A favorite of 19th century florist societies, Auricula continue to attract keen collectors and are one of the specialties of Woottens Nurseries in Suffolk. Discover care, propagation and 16 of the best auricles. Words Mary Keen, photos Richard Bloom
Woottens, in the Suffolk countryside near Wenhaston, five miles from the sea, was founded in 1990 by Michael Loftus, a much admired planter. In 2016, four years after his death, his widow sold the nursery to two women who, working with Loftus, had inherited much of his knowledge and shared his particular interest in irises, geraniums, hemerocallis and auricles.
Auriculas are fussy, and for that they have some help from Gillian’s partner Jenny Stafford – in the past propagation was done by Sandra Sutton, who has bred more than 30 of Woottens’ own hybrids. After the polytunnel collapsed during a storm in 2018, it had to be re-clad and it took a few seasons to rebuild the collection. However, in 2020 they bought the Drointon collection of 2,000 exhibition auricles and now Woottensis is one of the best places to buy auricles.
What are auricles?
In the 18th and 19th centuries, auricles were among the most popular plants collected by members of English florist societies, and they remain popular with collectors to this day. Although Alpine auricles are generally hardy enough to grow in borders, Luci and Gillian believe both show and Alpine auricles are best grown in individual pots and perhaps displayed in a traditional Auricula theater where the wide range of different flowers in wonderful colors are shown can be fully appreciated.
How to grow auricles
Root aphids have been a nuisance for Auricula growers lately, so I wanted to learn how to manage their plants. Gillian says these picky alpine residents hate being too wet, but they also don’t like too dry summers because aphids thrive in dry conditions.
Many growers divide their plants after flowering, but life in the nursery is too busy so their plants are usually divided in July-August. When root aphids strike, all the compost is removed and the roots are then washed with horticultural soap.
Plants receive a high phosphorus, very low nitrogen root feed in early February and a potassium feed to encourage flowering two weeks later and then every two weeks. Woottens uses a compost that is 50 percent peat substitute, 25 percent gravel or perlite, and 25 percent clay, like John Innes, with some slow-release fertilizer added.

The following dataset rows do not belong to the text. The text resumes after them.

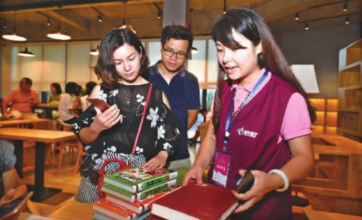 7月1日,长沙市雨花区和+共享图书馆,志愿者将市民捐赠的书籍进行整理编码,以便读者借阅。该馆位于圭塘河羽燕湖畔,是长沙首家共享图书馆,于当天正式开放。记者 田超 摄
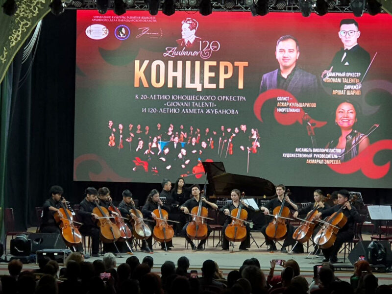 Украшением вечера стало выступление ансамбля виолончелистов под управлением Акмарал Эмреевой. На сцене также выступила юная павлодарка – ученица 10 класса Жубановской школы, виолончелистка Камила Ирангаит.
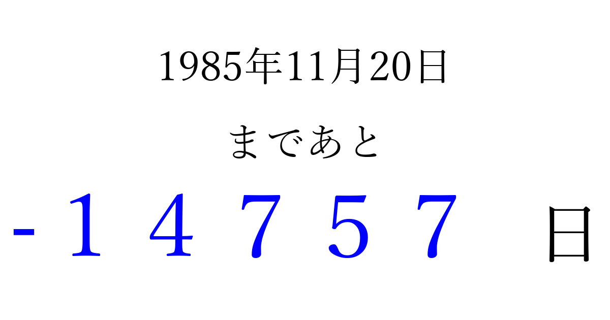 1985年11月20日(水)は もう 00000 日過ぎました 追加すると、トップページからすぐ選べるようになります ※2026/04/16現在の結果です。 最新の状態に更新する ↓シェアして、タイムライン上にカウントダウンを表示しよう!↓ 📤 この結果を共有する Tweet シェア Threads Bluesky 別の日付でカウントダウン 1985年11月のカレンダー このページをブックマークに追加すると、いつでもカウントダウンを確認できます。 (PC: Ctrl+D / Mac: ⌘+D) hitome-notes.comでは以下のページも運営しています。 指定日と期間から日付を計算 | ガチャ確率計算・シミュレーション | プライバシー・ポリシー 運営者:Avocado
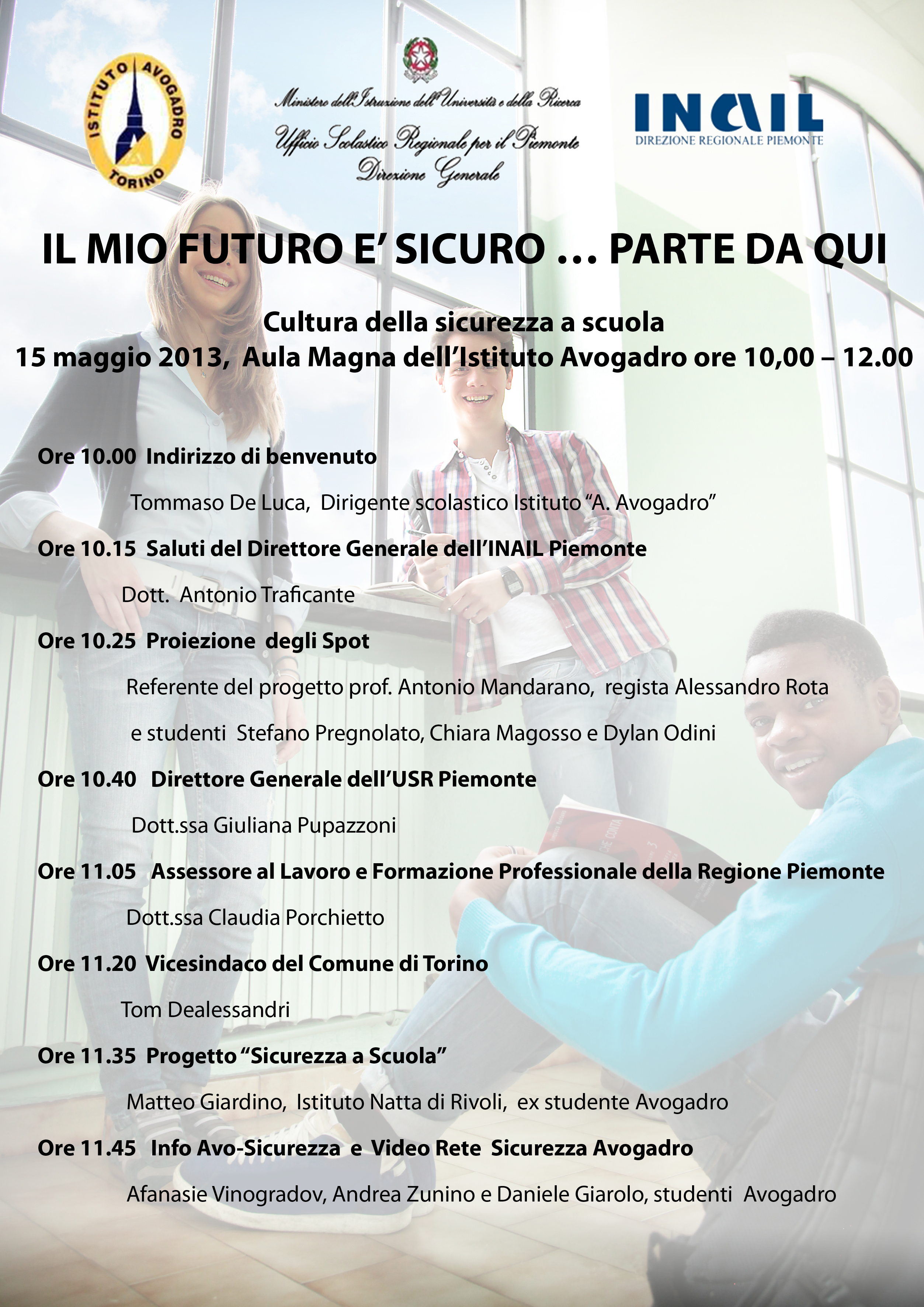 Il convegno sulla cultura della sicurezza a scuola "IL MIO FUTURO E' SICURO....PARTE DA QUI" si terrà nell'Aula Magna dell'Istituto Avogadro, dalle ore 10.00 alle ore 12.00: Comunicato Avogadro
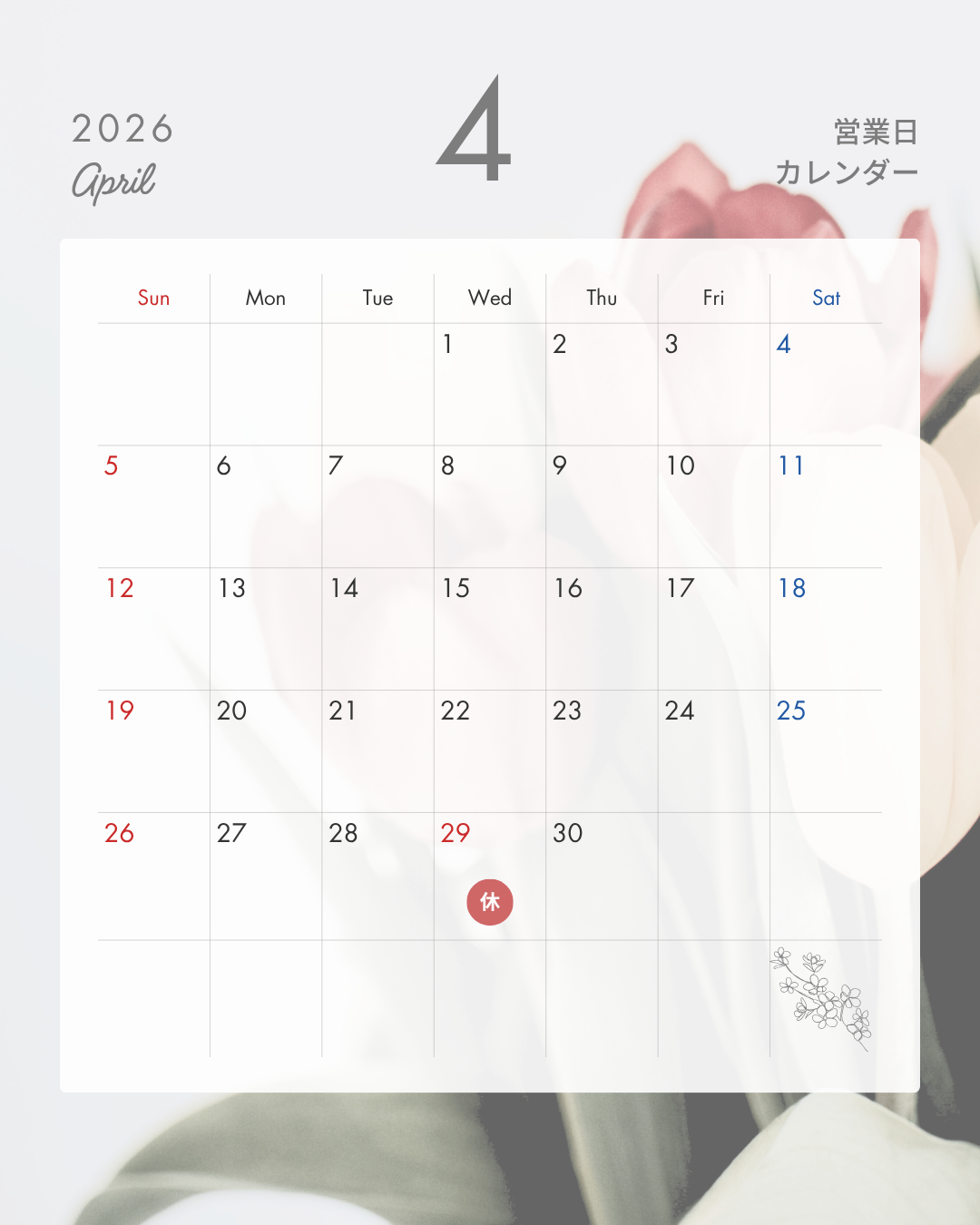 日頃より当院をご利用頂き誠にありがとうございます。 4月の休診日のお知らせになります。 4/29(金)(昭和の日) ご理解ご協力宜しくお願い致します。 -
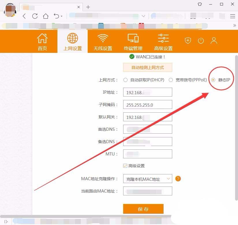 3、上網(wǎng)設(shè)置窗口中,設(shè)置WAN口連接為靜態(tài)IP,在下面的選項(xiàng)中輸入好各參數(shù)。
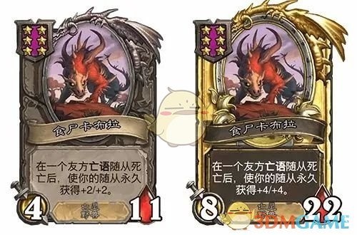 原先的食尸卡布拉描述为:[4/13] 在一个友方亡语随从死亡后,使你的随从永久获得+2/+1的效果,而在最新的31.2.2补丁中,其描述已经调整为:[4/11] 在一个友方亡语随从死亡后,使你的随从永久获得+2/+2的效果。
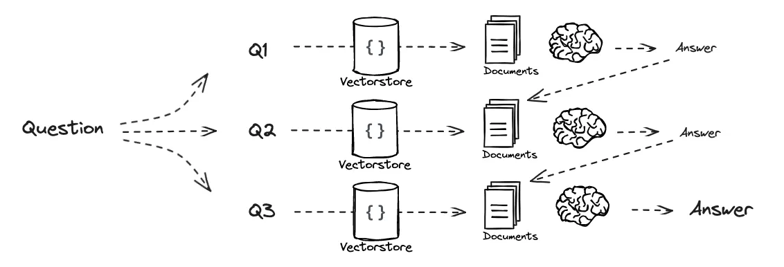 지금까지는 하나의 쿼리에 대해 여러 쿼리들로 다시 쓰는 기법이었습니다. 이와 달리, Decomposition 은 쿼리, 즉 질문을 여러 개의 하위 질문으로 쪼개는 기법입니다. 문제를 해결하기 위해 작고 쉬운 하위 질문으로 시작해 해결을 반복하며 최종 질문에 대한 결론까지 도달하는 것이죠.
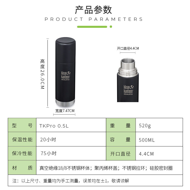 kleankanteen thermos cup large capacity stainless steel water cup men and women car outdoor kettle 500ml
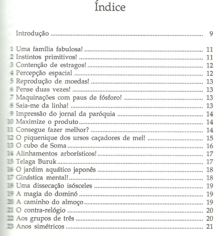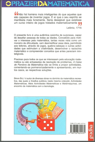 A CAIXA DE PANDORA DA MATEMÁTICA. *** Brian Bolt *** Título original inglês: A Mathematical Pandora’s Box *** Tradução: José Luís Malaquias *** Lisboa: Gradiva – Publicações, L.da, 1996. Colecção: O Prazer da Matemática – 19. (23 x 15 cm.) com 134 + [2] pp. Com várias ilustrações a p/b.. Capa flexível. Bom exemplar. Capa com pequenas marcas de manuseamento, alguns discretos vincos de pressão e um ligeiro desgaste nas margens, mas, de um modo geral, ainda em bom estado e limpa. Páginas bem conservadas e limpas. *** Primeira edição portuguesa deste livro que procura facilitar, de forma lúdica, uma aproximação à matemática, muitas vezes vista como demasiado complexa ou mesmo inacessível. Lê-se na contracapa. «O presente livro é uma autêntica caixinha de surpresas, capaz de desafiar as pessoas de todas as idades. Concebido para motivar o interesse pela matemática, tantas vezes vista como um monstro de dificuldade, vem desmistificar essa ideia, permitindo aos leitores, através de jogos, quebra-cabeças e outras actividades que estimulam a criatividade, desenvolver o raciocínio matemático e compreender conceitos que antes pareciam ininteligíveis. Precioso para todos os que se interessam pela educação matemática ou são entusiastas da resolução de problemas, A Caixa de Pandora da Matemática não se limita a propor actividades, comentando-as pormenorizadamente e apresentando, em muitos casos, as respectivas soluções.» (Na imagem 4 está apenas o começo do índice, que é bastante extenso, ocupando quatro páginas). *** Portes: envio gratuito em correio normal (tarifa especial para livros) * envio em correio registado: 1,70
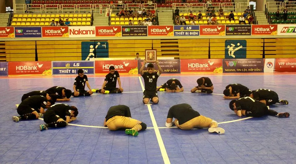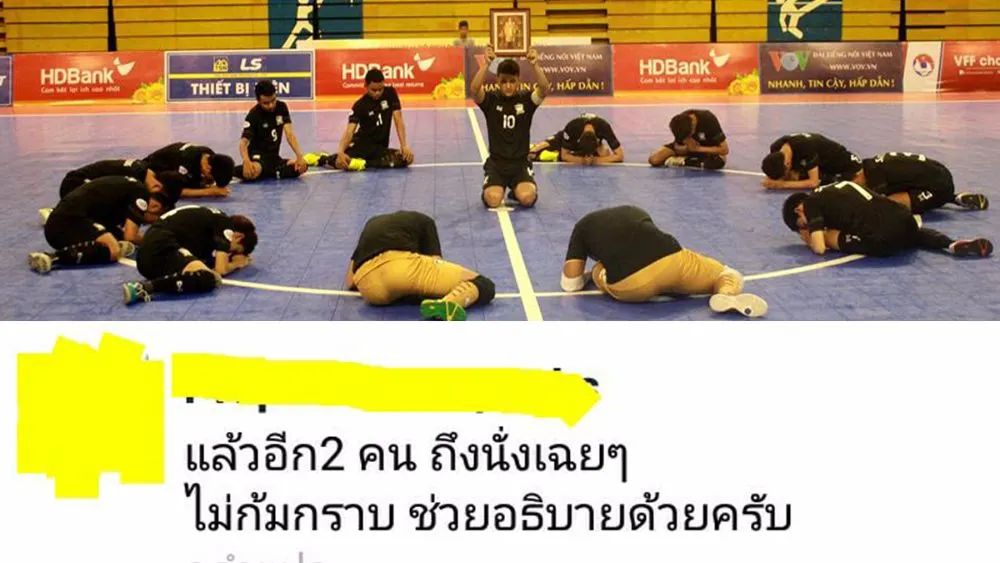 จะสังเกตได้ว่า ในภาพมีนักฟุตซอลทีมชาติไทย 2 คนที่ไม่ได้ก้มลงกราบพระบรมฉายาลักษณ์ พระบาทสมเด็จพระปรมินทรมหาภูมิพลอดุลยเดช บรมนาถบพิตร คือ (หมายเลข 9) นายวรุฒ หวังสะมะแอล และ (หมายเลข 11) นายมูฮัมหมัด อุสมานมูซา ในขณะที่เพื่อนร่วมทีมและสตาฟฟ์โค้ชต่างก้มลงกราบกันอย่างพร้อมเพรียงกัน...
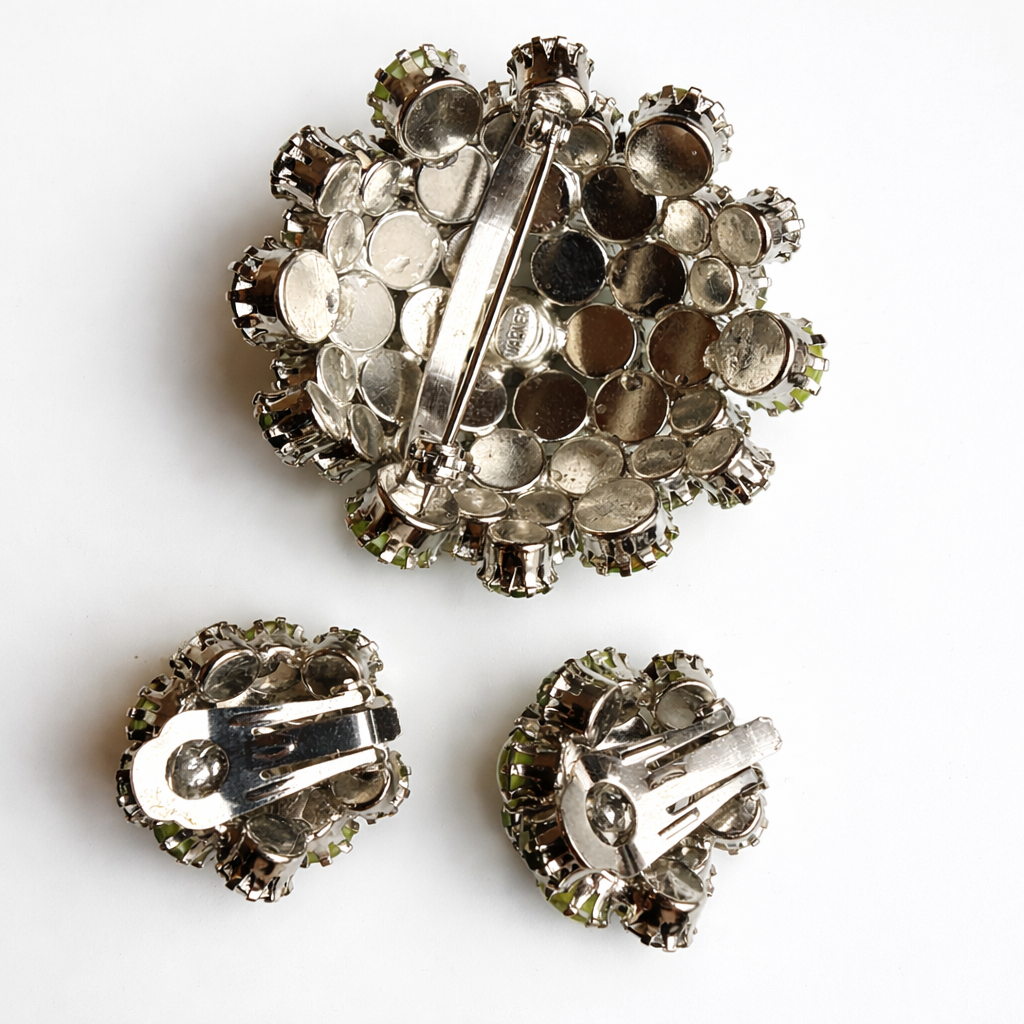 Warner Green Rhinestone Brooch and Earring Set

Auriculae grow in crevices in rocks, so they don’t like being overpotted. Ideally, they are in a shady, east-facing location that is protected from moisture in winter.
How to multiply auricles
The only way to faithfully reproduce an auricle from its parent is to take offsets from that parent. You can do this anytime while the plant is actively growing, but it’s probably best to make offsets during post-flowering repotting.
• Begin by thoroughly removing and cleaning all old compost from the roots if there are signs of pests or disease.